Correlation Between NORWEGIAN AIR and Carnegie Clean
Can any of the company-specific risk be diversified away by investing in both NORWEGIAN AIR and Carnegie Clean at the same time? Although using a correlation coefficient on its own may not help to predict future stock returns, this module helps to understand the diversifiable risk of combining NORWEGIAN AIR and Carnegie Clean into the same portfolio, which is an essential part of the fundamental portfolio management process.

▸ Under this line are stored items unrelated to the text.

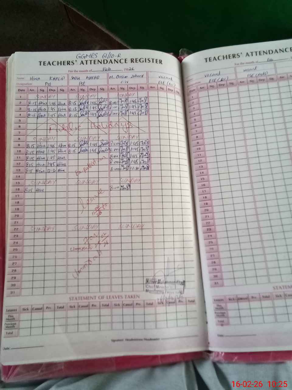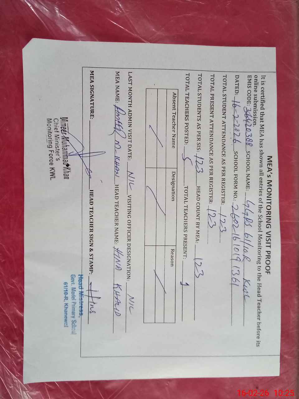 | Remarks (Use Separate Page if Required): NSB account on school SIS updated till last month but on MEA TAB shown May 2025 previous year No AEO Visit in previous month No second shift in school now Attendance of class 8 given on MEA Tab presently not in school as school is working only in morning shift in primary level | |||||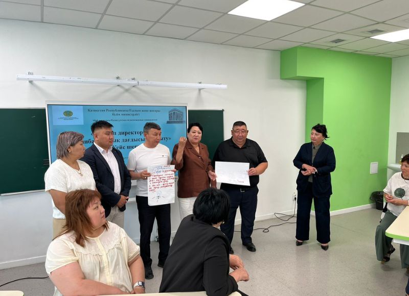 Исполнитель проекта Шынгыс Нурланов акцентировал внимание на развитие успешных моделей директоров - лидеров на основе лидерских навыков, профессор Марфуга Абсатова в групповой работе попыталась разобрать пути и средства реализации инновационных научных проектов в условиях цифровизации, под руководством профессора Шолпан Колумбаевой участники курса успешно защитили программы профессионального развития школ. Доктор PhD, психолог Айгуль Ногаева на основе специально подобранных психологических упражнений, тренингов попыталась развить лидерские навыки руководителей школ.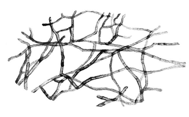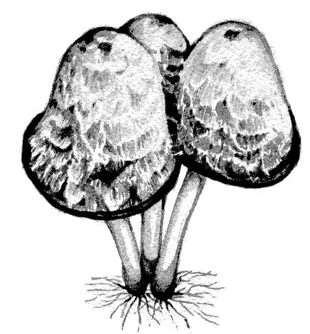 Гифы составляют мицелий, но из них состоят и более плотные структуры. Плодовые тела грибов возникают из спрессованных гифовых нитей. Плодовые тела в свою очередь способны и на другие подвиги, помимо разбрасывания спор. Некоторые, такие как трюфели, испускают дивные ароматы, что превратило их в одни из самых дорогих пищевых продуктов в мире. Другие, такие как навозник белый (Coprinus comatus; копринус хохлатый), способны пробиться сквозь асфальт и приподнять тяжелые тротуарные плиты, хотя сами не отличаются жесткостью. Срезанный навозник белый можно поджарить и съесть. Если же вы оставите его в банке, его ослепительно-белая мякоть за несколько дней растворится, превратившись в черные как смоль чернила (иллюстрации к этой книге нарисованы чернилами из навозника белого).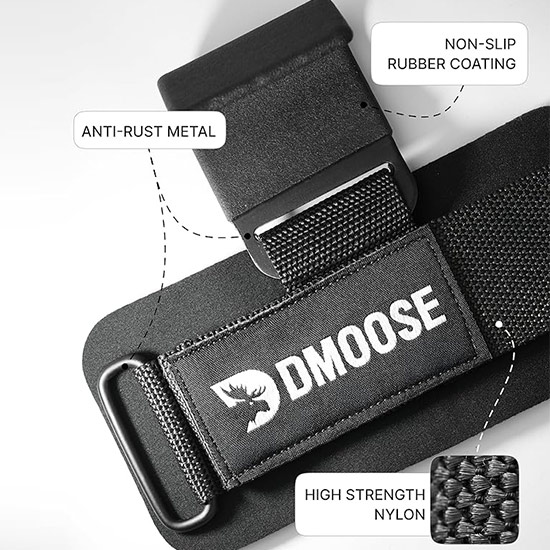 ENHANCE WORKOUT PERFORMANCE AND FORM: Adjustable fit ensures a secure hold with DMoose hand grips for weight lifting, while the ergonomic design redistributes weight evenly. Improve form, reduce injury risk & perform lifts, like deadlifts and rows, with better control, comfort & efficiency.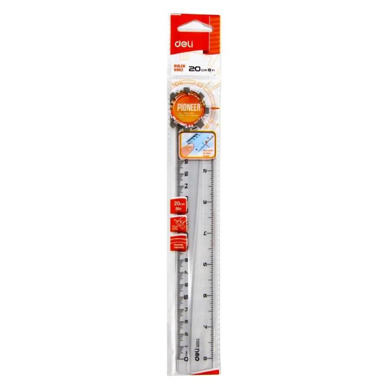 Regla de 20 cm, resistente y liviana. Transparente, con medidas en centímetros fáciles de leer. Ideal para uso diario.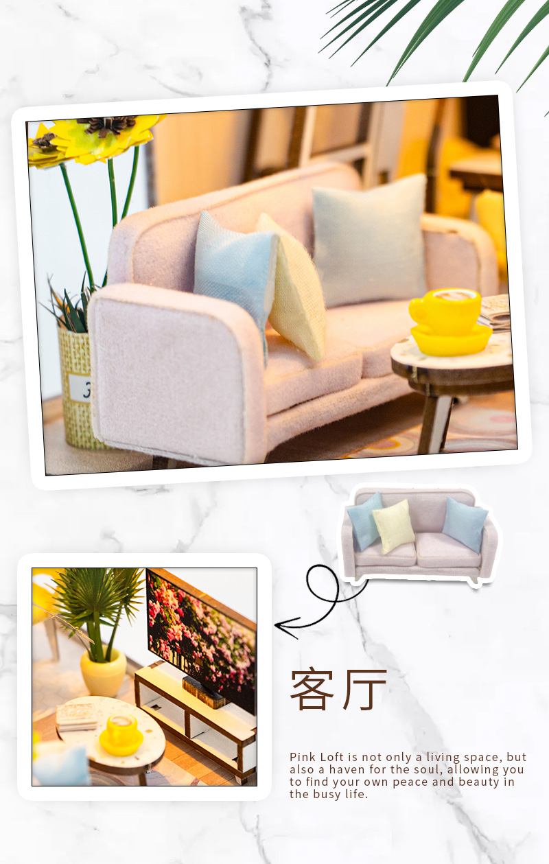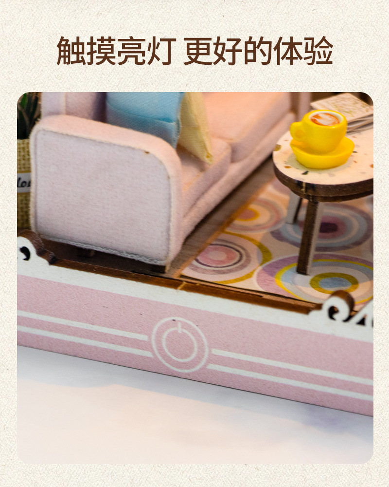 홍다 DIY 소형 집 수제 조립 책꽂이 3D 창의적인 목재 모델 크로스보더 미니어처 블록 장식 소형 집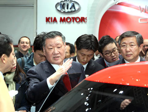정 회장은 현대기아차 전시관을 찾아 전시된 차량에 직접 탑승해 품질과 디자인 등을 살펴 보는등 깊은 관심을 표시했으며 이어 경쟁사의 전시장도 둘러보며 글로벌 자동차업계의 신기술 등 동향을 파악했다. 정 회장은 특히 세계최초로 선보인 기아차 신형 "씨드"에 대한 현지 언론과 소비자들의 반응을 주의 깊게 살피는 한편 아우디 폴크스바겐 토요타 BMW 전시장도 방문했다. |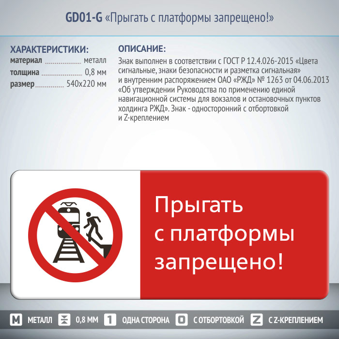 Знак «Прыгать с платформы запрещено!», GD01-G (односторонний горизонтальный, 540х220 мм, металл, с отбортовкой и Z-креплением) в Альметьевске купить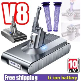 Replacement Battery for Dyson V8 | SV10 V8 Absolute / V8 Animal Extra Bring your Dyson V8 back to full power with this premium, high-performance replacement battery. Designed for seamless compatibility and long-lasting durability, it delivers strong suction, reliable runtime, and safe charging—just like the original Dyson battery. 🔋 Key Features ✓ Intelligent Protection SystemBuilt-in smart circuitry prevents over-charge, over-discharge, overheating, and short-circuit issues—ensuring safe, stable performance. ✓ Premium Lithium-Ion PowerCrafted with high-quality Sony battery cells for improved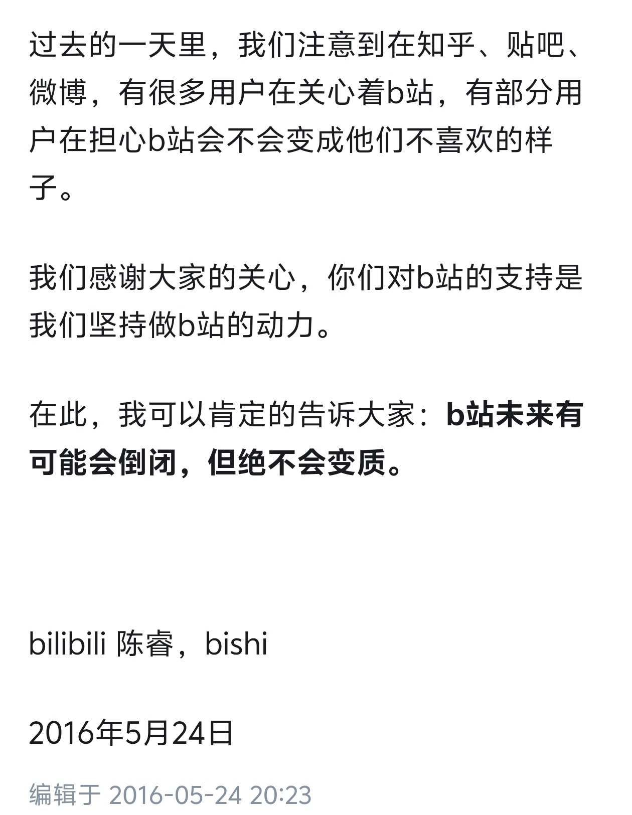 不论对错,没有陈睿就没有今天的b站,但正是因为陈睿,b站才变成今天这个样子。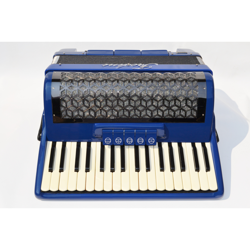 Gereviseerde occasion in ons eigen atelier hersteld. Italiaanse 3 korige accordeon met 80 bassen. Fraai uitgevoerd in deep blue met dark-chrome grill. Musette 16-8-8 met musette zweving. Perfect instapinstrument. Geleverd met 3 maanden garantie.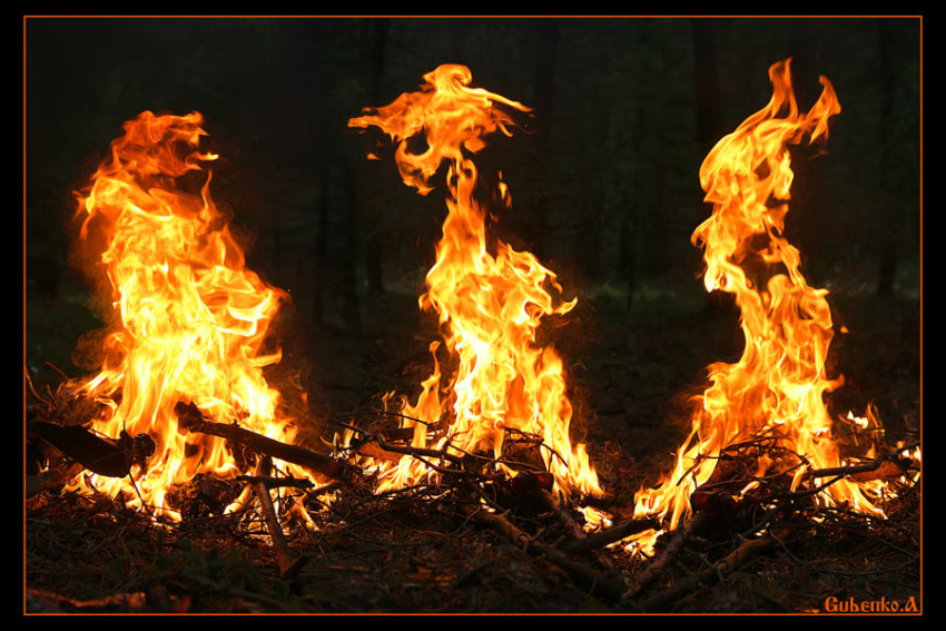 Огонь - это нечто неуловимое для глаза, извивается, меняет форму и цвет. И только остановив мгновение можно увидеть живущие в огне образы...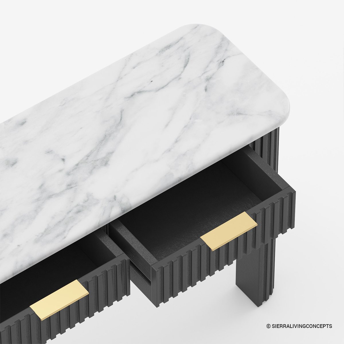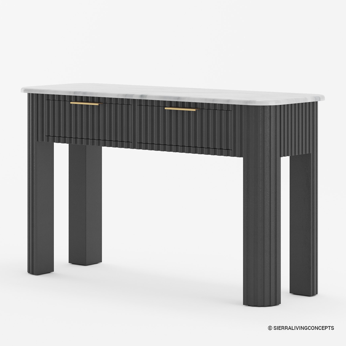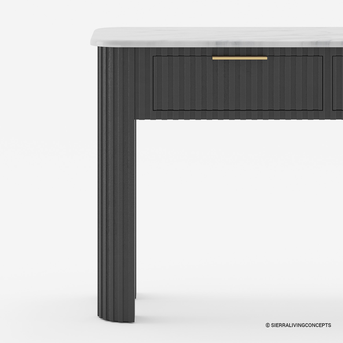 The perfect entrance needs the perfect accent piece, and our Rome Marble Top Fluted Modern Black Makeup Vanity Desk delivers just that. This fluted makeup vanity desk with drawers has a striking black design or a large white marble top, giving you plenty of space to decorate. It includes smooth drawers for handy storage, and its strong legs or gold accents adding both style and long-lasting quality to this modern black console table with a marble top.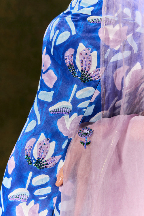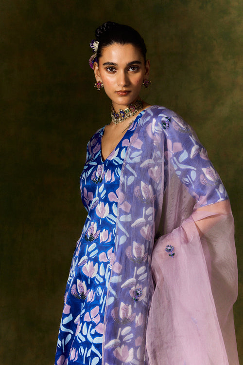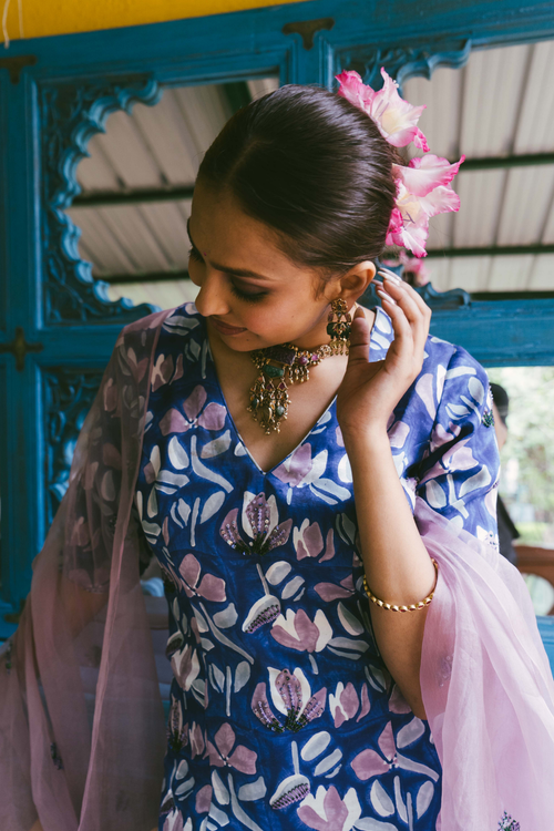 We love a classic, and our JODI kurta set returns in a new, vivid print. Crafted in lustrous silk, this kurta set features a V neckline with tailored, cropped trousers. The bold floral print is hand-embroidered to add grandeur. Complete the look with our hand-embroidered sheer and lightweight organza dupatta.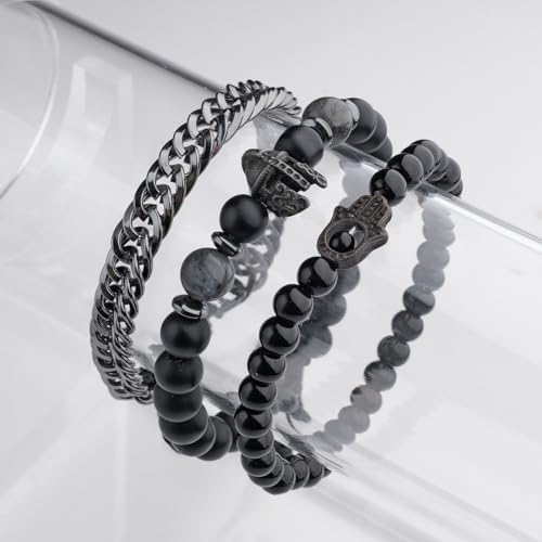 • 3pc Men's Bracelet Set: Our meticulously crafted set includes a stainless steel chain bracelet, a natural stone beaded bracelet, and an adjustable woven bracelet. These bracelets are made with different metal accessories and natural gemstones. You can wear them individually or layer them for a versatile style that exudes masculine charm!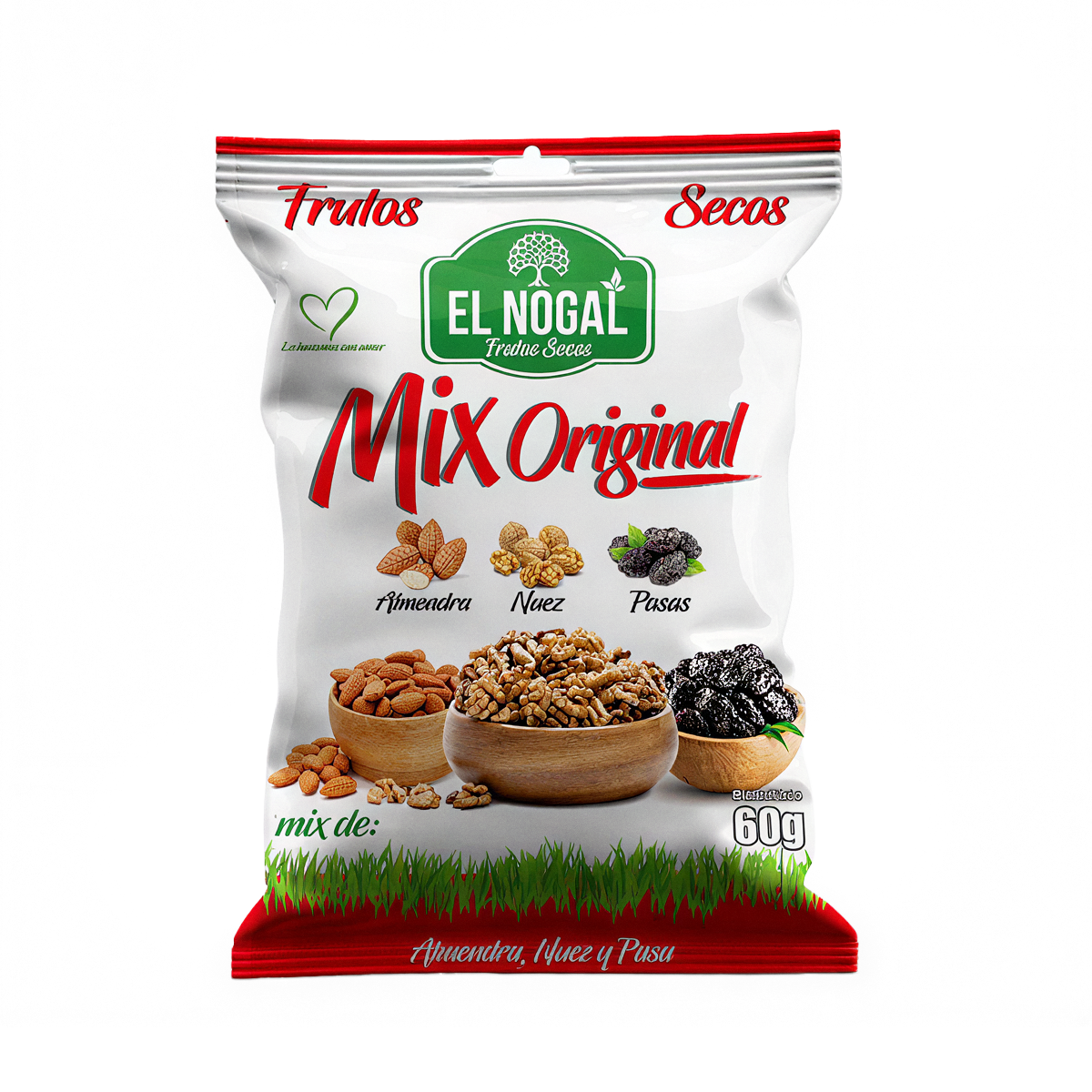 El Mix Original El Nogal es una mezcla simple, natural y deliciosa, pensada para quienes disfrutan del sabor auténtico de los frutos secos. Contiene una cuidada selección de almendras, nueces y pasas, combinadas para ofrecer un equilibrio perfecto entre crocancia y dulzor natural.

By analyzing existing cross correlation between NORWEGIAN AIR SHUT and Carnegie Clean Energy, you can compare the effects of market volatilities on NORWEGIAN AIR and Carnegie Clean and check how they will diversify away market risk if combined in the same portfolio for a given time horizon. You can also utilize pair trading strategies of matching a long position in NORWEGIAN AIR with a short position of Carnegie Clean. Check out your portfolio center. Please also check ongoing floating volatility patterns of NORWEGIAN AIR and Carnegie Clean.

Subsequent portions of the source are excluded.